There’s been a lot of debate around a rising tide of anti-Semitism in the news recently, and rightly so; yet I for one have never heard anyone make hateful remarks about Jews in my entire life. What I have heard is plenty of vitriolic comments about eastern Europeans.
Legitimized racism like this isn’t difficult to unearth; you don’t have to dig around for long on the internet to come across it. Just type the words ‘Polish driver’, followed by a newspaper of your choice, into a search engine and you’ll find that the ethnicity of the drivers in question is somehow deemed crucial to the underlying message in the story.
Frankly I’m astounded that they’ve been allowed to get away with it. Just imagine the outcry if a national newspaper ran either of these two headlines:
1) Jewish driver does U-turn on M6 before driving the WRONG WAY down the road (because he didn’t have money to pay toll)
2) Black driver jailed for death crash
The newspaper would rightly be accused of racism, yet all I’ve done here is substitute the word Polish for Jewish or Black. I’m at a loss to understand why the ethnicity of these drivers is in the headline – other than to stoke up anti-Polish emotions.
It’s hardly as blatant as say, Der Stürmer in 1930s Germany, I’ll admit, but the implication is clear: these people are not welcome. That’s not to say that journalists, or even the editors, feel this way about eastern Europeans, it’s just that they are perfectly in tune with their readers’ opinions. As Paul Dacre, editor of the Daily Mail, noted in 2004: ‘My job is to edit my newspaper, to have a relationship with my readers, to reflect my readers’ views and to defend their interest.’
And reflect their readers’ views they do. A story about ‘Four drink and drug-fuelled Polish burglars’ which ran in the Daily Mail in January prompted over 500 comments, one of the best rated of which read: ‘Four Polish burglars................. Now tell me AGAIN why its good to have open boarders?’ [SIC].
So it’s hardly surprising that the recent news that Britain’s population has swelled by around half a million people due to immigration from eastern Europe promoted over 1,000 comments on the Daily Mail website, one of the highest rated of which read: ‘Mr Farage, please take our country back. Shut the gates.’
I’m sure that these people, many of whom have difficulty spelling the word borders, believe that there are billboards dotted all over eastern Europe promising Shangri-La on the British benefits system. And I’m equally certain that they are all upstanding citizens who deplore racism, and anti-Semitism in particular – the Daily Mail recently ran a story on a Jewish man being heckled as he walked through the streets of Manchester and Bradford. The story triggered almost 1,000 comments, most of which were understandably outraged at his treatment.

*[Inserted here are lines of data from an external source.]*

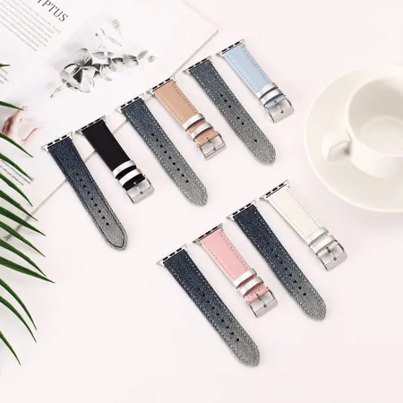 Denim leather watch strap applicable for classical watch and apple watch full series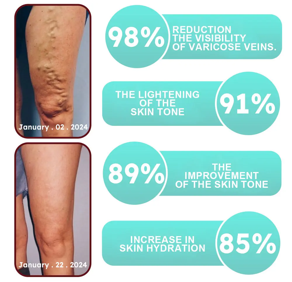 “A few years ago, I first noticed varicose veins on my thighs, but I didn’t think much of it at the time. Over time, the condition worsened—my legs became increasingly swollen and discolored, and I felt self-conscious about wearing skirts or anything that exposed my legs. Eventually, I saw a doctor who explained that I had varicose vein skin disease caused by poor circulation from standing for long periods. The doctor recommended this product, and after using it for about a week, I saw significant improvement. My legs felt lighter, and the swelling reduced. Now, I can confidently wear dresses again! It’s truly amazing, and I hope my experience can help others in the same situation.” — Cassidy Lewis, Dallas ⭐⭐⭐⭐⭐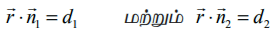 எனும் ஒரே தளத்தில் அமையும் இணை அல்லாத இரண்டு நேர்க்கோடுகளை கொண்டுள்ள தளத்தின் துணையலகு வெக்டர் சமன்பாடு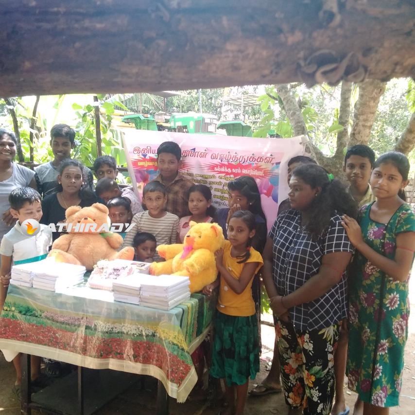 சுவிஸ் நாட்டில் வசிக்கும் திருமதி தாரணி சுவீதன் அவர்களின் பிறந்த நாள் நிகழ்வு வவுனியா அயல் கிராமமொன்றில் மாணிக்கதாசன் நற்பணி மன்றத்தின் ஏற்பாட்டில் சிறுவர்கள் கொண்டாடி மகிழ்ந்தனர்.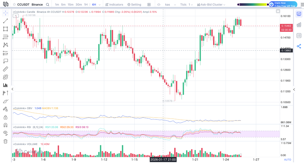 On the 4-hour chart, CC is sitting comfortably above all its key short-term averages, including the 7-day simple moving average around $0.1375. That kind of setup usually tells you that buyers have control of the short-term trend.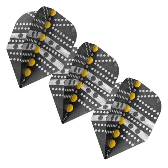 The African Warrior dart flight range completes the setup. With design inspiration taken from South Africa, each vibrant flight represents Devon Petersen's journey, love of colour, and warrior spirit.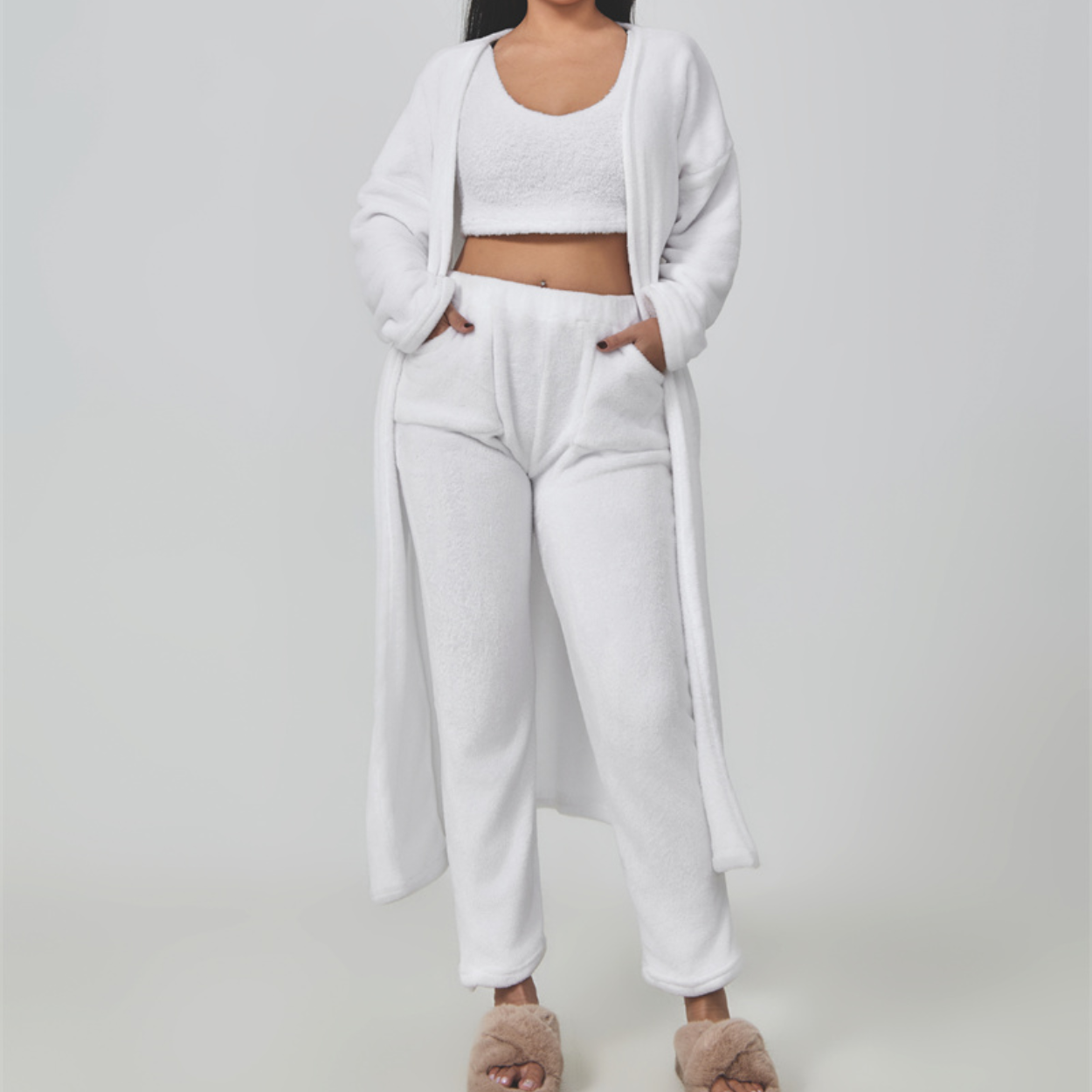 Indulge in the cozy vibes of the season with this Matching 3-Piece Pant Set. Featuring a plush long-sleeved long-style cardigan. a trendy cropped tank top. and matching luxurious pants with wide-leg styling.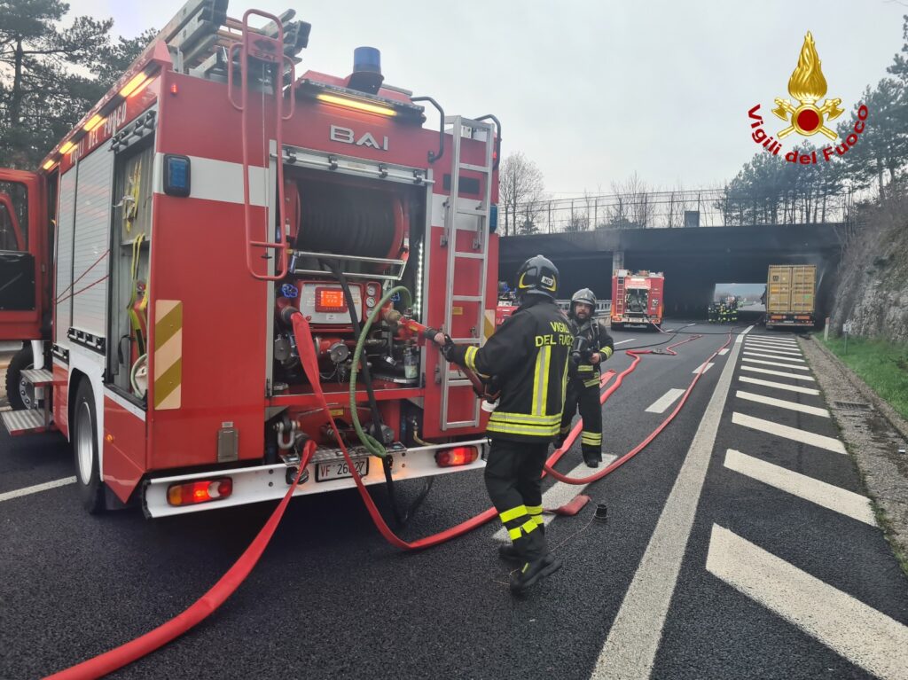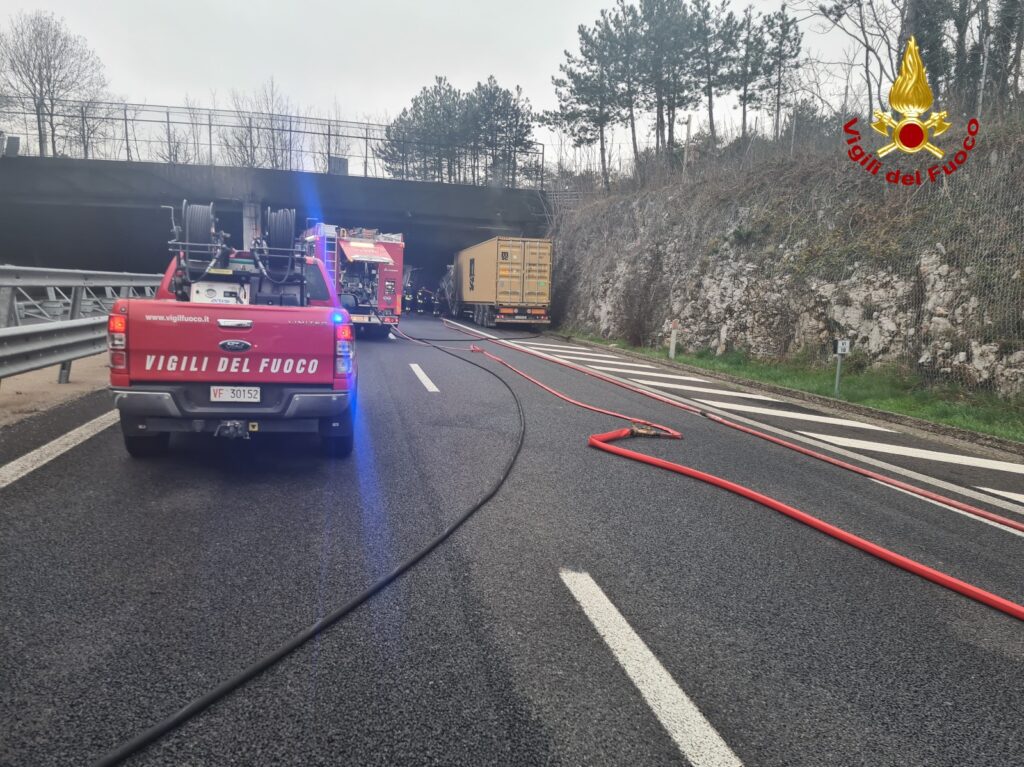 Alle ore 16.25 circa di oggi, 11 marzo, i Vigili del fuoco del comando di Trieste sono intervenuti con la squadra del distaccamento di Opicina una squadra della sede centrale supportate da un'autobotte il funzionario di guardia e il mezzo bimodale dotato di bumper (cannone che spara acqua ad alta portata) presso il km 18 + 600 del raccordo autostradale 13 tra le uscite di Trebiciciano e Fernetti in direzione Venezia per l'incendio di un mezzo pesante a seguito di un incidente stradale.

The highest-rated comment read: ‘I’m so ashamed that this country has such nasty, dreadful, bigoted people.... but not surprised, unfortunately.’
Obviously the man in this story had done nothing illegal – he’d simply walked down the street. But neither had the majority of the immigrants who, the paper announced the same day, had swelled our population.
They’ve simply come here to find work.